Brett Smith [Thu, 12 May 2016 20:40:37 +0000 (16:40 -0400)]
9213: Improve gem loading in `arv`.
* Include the exception string in the error message.
* Separate stdlib loading problems from gem loading problems.
* Load gems with more dependencies first, to avoid situations like
this:
irb(main):001:0> require 'active_support/inflector'
=> true
irb(main):002:0> require 'arvados/google_api_client'
Gem::LoadError: Unable to activate arvados-0.1.20160420143004, because activesupport-4.2.6 conflicts with activesupport (< 4.2.6, >= 3)
Brett Smith [Mon, 9 May 2016 16:54:23 +0000 (12:54 -0400)]
9135: Bring EventClient's public interface closer to PollClient's.
* Restore the run_forever method, which was previously inherited from
WebSocketClient.
* Remove the connect and close_connection methods, which are
WebSocketClient implementation details that don't make sense as part
of the public interface. (A running EventClient will just reconnect
if you call close_connection on it.)
Brett Smith [Mon, 9 May 2016 16:57:42 +0000 (12:57 -0400)]
9135: Make EventClient initialization more consistent.
* DRY up the setup code. This includes always trying to close the
conenction after failure, since we were doing that in the initial
connection.
* Make the client a daemon thread, for consistency with PollClient.
Peter Amstutz [Fri, 13 May 2016 14:11:39 +0000 (10:11 -0400)]
9161: Eliminate 'booted' list and put nodes directly into cloud_nodes list.
Refactor logic for registering cloud nodes. Refactor computation of nodes
wanted; explicitly model 'unpaired' and 'down'.

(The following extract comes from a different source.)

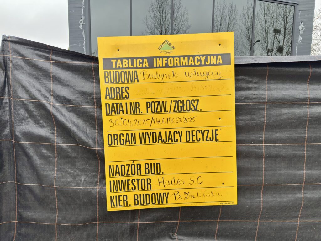 „Budynek usługowy.” Ta informacja widnieje także na tablicy informacyjnej zgodnie z wymogami Prawa Budowlanego.

Peter Amstutz [Wed, 11 May 2016 20:55:00 +0000 (16:55 -0400)]
9161: There's a window between when a node pings for the first time and the
value of 'slurm_state' is synchronized by crunch-dispatch. In this window, the
node will still report as 'down'. Check first_ping_at and implement a grace
period where the node should will be considered 'idle'.

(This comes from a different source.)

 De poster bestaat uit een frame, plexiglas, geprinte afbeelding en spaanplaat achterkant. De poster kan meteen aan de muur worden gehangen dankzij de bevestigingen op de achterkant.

Add configuration parameter 'async_permissions_update' (default false). If
true, do not delete permission cache in #invalidate_permissions_cache, but
instead trigger "NOTIFY invalidate_permissions_cache" on the database.
Add script/permission-updater.rb which runs as an independent process. It
blocks on "LISTEN invalidate_permissions_cache" and updates the permission
cache whenever notified.
This is not ready for use; in particular it creates a race condition
recomputing permissions with effects such as not being able to read back API
records that were just created.
Tom Clegg [Fri, 29 Apr 2016 16:55:24 +0000 (12:55 -0400)]
9068: Move buffer allocation from volumes to GetBlockHandler.
This makes the Volume interface more idiomatic: Get() accepts a buffer
to read into, and returns a number of bytes read, much like the Read()
method of an io.Reader.
It also makes it possible for GetBlockHandler to notice, while waiting
for a buffer, that the client has disconnected: In this case, it
releases the network socket and never asks any volumes to do any work.